Singer M. Balamuralikrishna was cast as the sage Narada, making his acting debut in film. When his choice was criticised (because of Balamuralikrishna's height), Meiyappan retorted that the casting was apt since the role would be used for comic effect. Haranath played the role of Vishnu. Relangi and Padmanabham were cast as Prahlada's teachers, Chanda and Amarka. Ramana Reddy and T. Kanakam were signed as snake charmers for a key scene. L. Vijayalakshmi played the royal dancer in Hiranyakashipu's court; Shanta, Vijaya Lalitha, Gitanjali, and Vennira Aadai Nirmala were cast as the apsaras (celestial dancers) Rambha, Urvashi, Menaka and Tilottama, respectively.

=== Filming ===
Bhaktha Prahlada was shot in Eastman Color Negative film, and was AVM's second colour film, after Anbe Vaa (1966). Although the script was completed by May 1965, the principal photography and post-production phases lasted for one-and-a-half years. Meiyappan produced another Telugu film, Ave Kallu (a remake of his 1967 Tamil production Athey Kangal), simultaneously with Bhaktha Prahlada. His sons were more interested in Ave Kallu than Bhaktha Prahlada, uncertain of the latter's commercial viability. When Sekhar showed the set designs to Meiyappan and his sons before building them, they rejected them in favour of Ave Kallu. Filming was delayed, and the cast and crew became impatient and frustrated towards the end of production.
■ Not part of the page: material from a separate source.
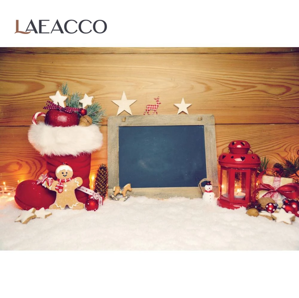 Laeacco Christmas Party Decro Photography Backdrops Wooden Board Raindeer Snowman Lantern Socks Photo Background Photo Studio

During filming, Ramani was trained by "Rangoon" Ramarao (who played Amarka in the 1942 film) in dialogue diction. In the scene where the snake charmers place a snake on Prahlada's shoulders, a trained wheat-coloured snake was used during rehearsals and a black cobra was chosen for the filming. For the scene where elephants are forced to trample Prahlada, a child stunt artiste from the Great Oriental Circus was initially engaged as Ramani's double. The child was dismissed when Ramani began crying, however, and she performed the scene herself. Balamuralikrishna remembered filming a scene as Narada: "I had to stand on a stool without proper balancing, and I go up (into the "sky") as someone raises it up on a jack. I precariously stand there with a fear that I'd fall off the stool but I should not show it in my face – I should instead sing with a smiling face!"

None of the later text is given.